The combined group underwent a treatment regimen involving TACE + PMCT. Specifically, this group received 1–2 rounds of TACE treatment followed by 2–4 wk of combined PMCT treatment. In contrast, the single group received only TACE treatment. Before initiating microwave ablation (MWA) treatment, imaging studies were conducted on all patients to select the needle entry path. Special care was taken to minimize the risk of puncturing important organs such as the gallbladder, large blood vessels, and gastrointestinal tract.
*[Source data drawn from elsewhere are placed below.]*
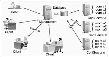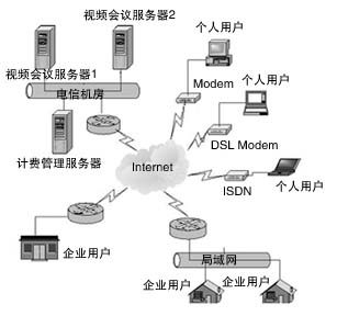 用戶可通過從56K撥號上網(wǎng)直至寬帶等各種方式接入該視頻會議系統(tǒng),包括PSTN撥號、ISDN撥號、ADSL撥號、LAN、PLC(低壓電力載波)等各種形式,在這個統(tǒng)一的視頻會議平臺上,實現(xiàn)多路音頻、多路視頻、文檔共享、電子白板、協(xié)同瀏覽、文件傳輸、文字交流等功能。系統(tǒng)的拓撲結(jié)構(gòu)圖如左所示。
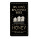 Black and gold honey label with backyard hives and little bees illustration. Customise this label with your apiary name, honey descriptors, address and honey net weight. You can even add in your latitude and longitude coordinates! Dotted border. This label works great for smaller honey jars, such as a 12 oz hexagon jar.
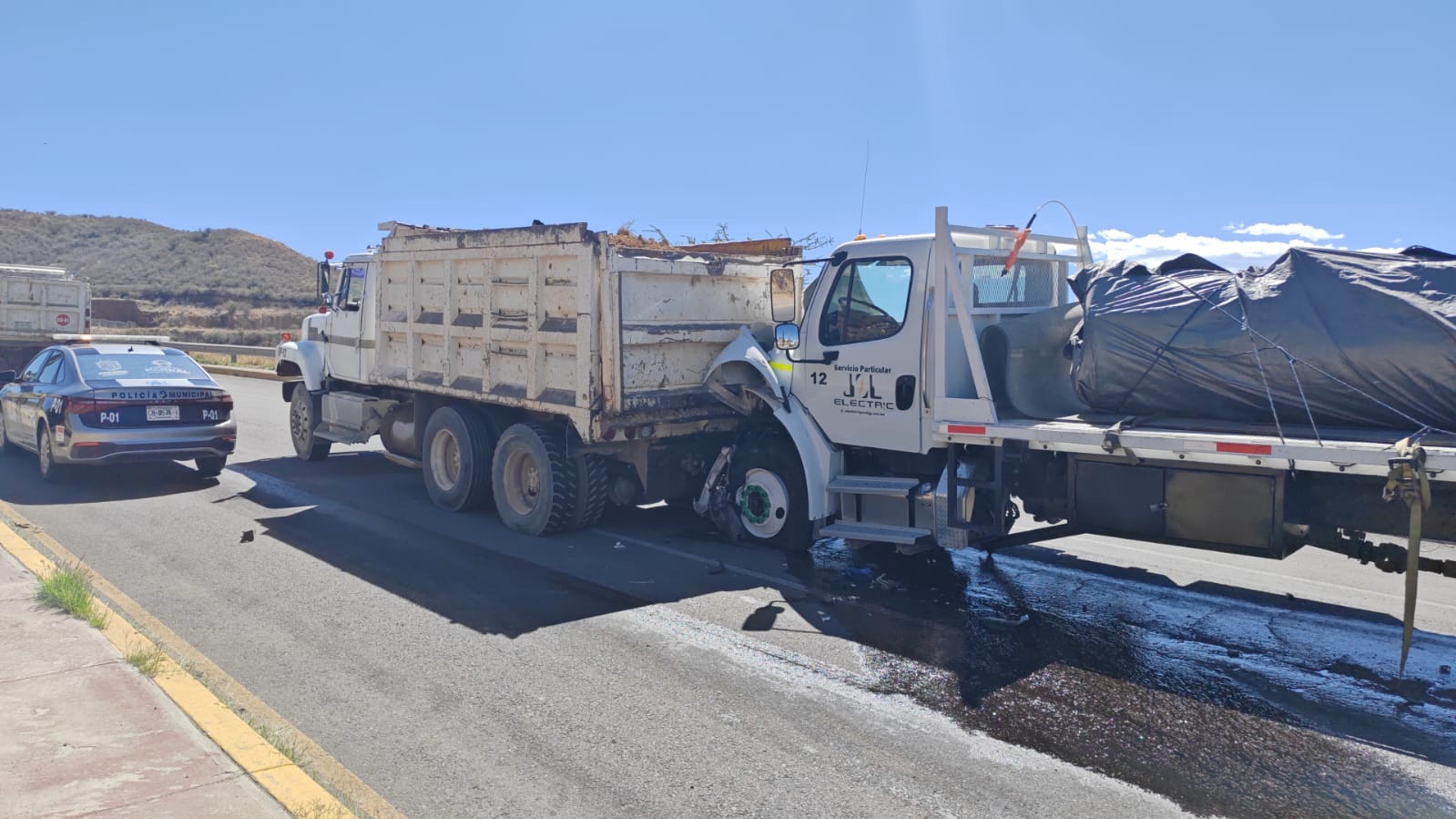 Un aparatoso choque pot alcance en la carretera vía corta entre un dompe y un camión de carga, dejó como saldo a un hombre lesionado y daños totales en una de las unidades.
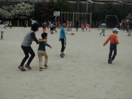 フレンドリー遊びで、1年生から6年生のお友だちと遊びました。お兄さんお姉さんはとっても優しかったので,初めてのフレンドリー遊びも楽しく各グループごとに過ごすことが出来たようです。
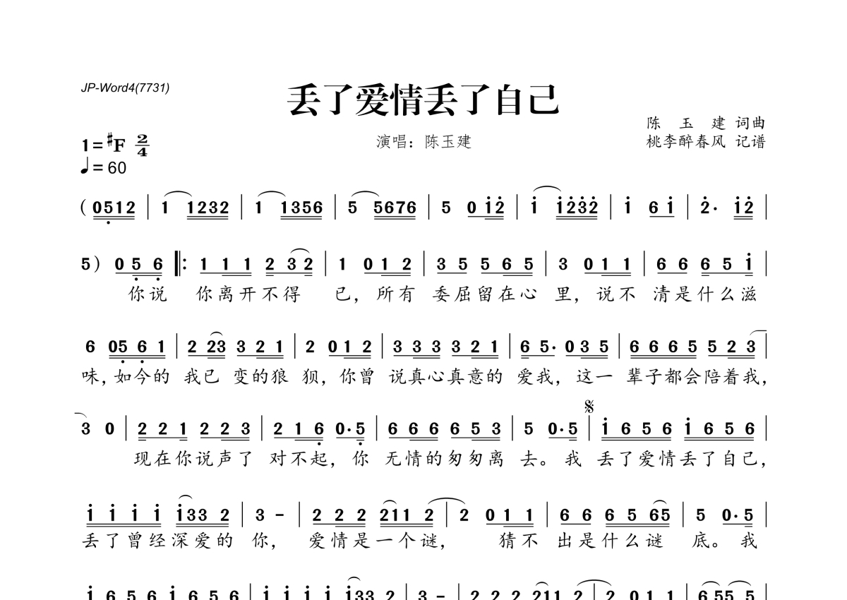 《丢了爱情丢了自己》是陈玉建演唱的一首歌曲,拍号为2/4拍,歌曲速度为每分钟60拍,这份简谱共有一张高清图谱,图谱由 @桃李醉春风 编配上传。
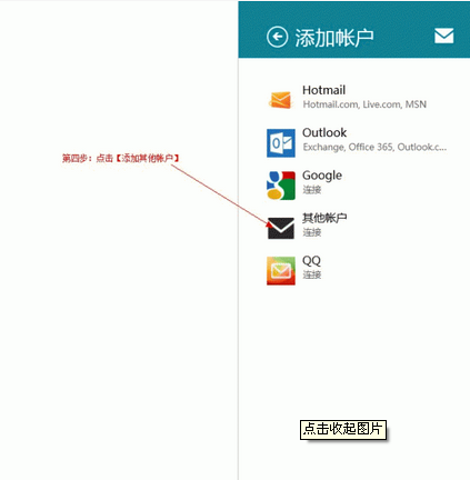 win8/Surface RT平板的邮箱设置步骤:设置→账户→添加账户→其他账户→邮箱地址及密码
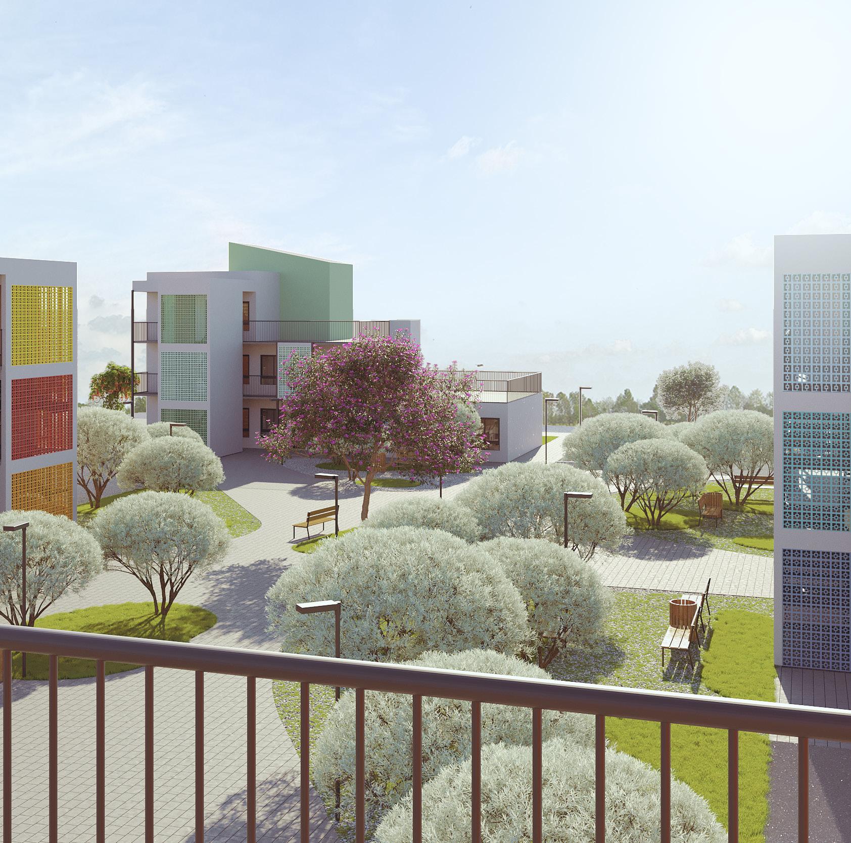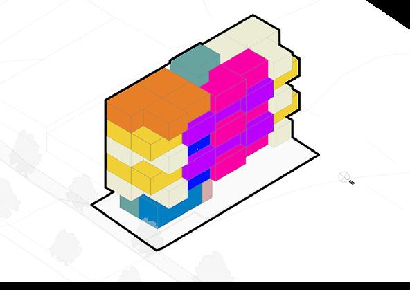 Como o conceito norteador são pássaros, buscamos explorar a verticalidade dos blocos, criando formas verticais escalonadas. As formas escalonadas tem o objetivo de criar terraços sobre as coberturas, que podem ser usados pelos moradores. Além disso, cada bloco tem um escalonamento diferente, o que dá identidade para eles, principalmente quando somada ás cores únicas, fortalecendo a ligação emocional de cada morador. A altura de cada bloco foi definida de acordo com a insolação e vistas que queremos prestigiar.

First, preoperative preparation for conventional MWA was performed. Guided by a spiral CT scan, 1–2 MWA needles were inserted percutaneously into the tumor tissue, and a combined multisite ablation was performed by adjusting the depth and angle of the microwave antenna. The ablation power and time were selected according to the patient's lesion size and tolerance, as well as surrounding organs at risk. Postoperatively, the two groups of patients were treated with liver-protective, antiemetic, and antipyretic agents. Imaging studies were performed in both groups 2–4 wk after surgery, and the therapeutic effect was evaluated.
Clinical efficacy: Four weeks after the last treatment, the clinical efficacy in the enrolled patients was evaluated according to the mRECIST (modified response evaluation criteria in solid tumors) evaluation criteria[13]. Complete remission (CR) was defined as complete tumor disappearance sustained for at least 4 wk. Partial remission (PR) was defined as tumor shrinkage ≥ 30%, sustained for at least 4 wk. The tumor: Stable with a reduction of < 30% or an increase but an increase of < 20%; Disease progression was characterized by tumor enlargement ≥ 25%, new tumors, or metastatic lesions. Objective response rate (ORR) = (PR + CR) cases/total cases × 100%.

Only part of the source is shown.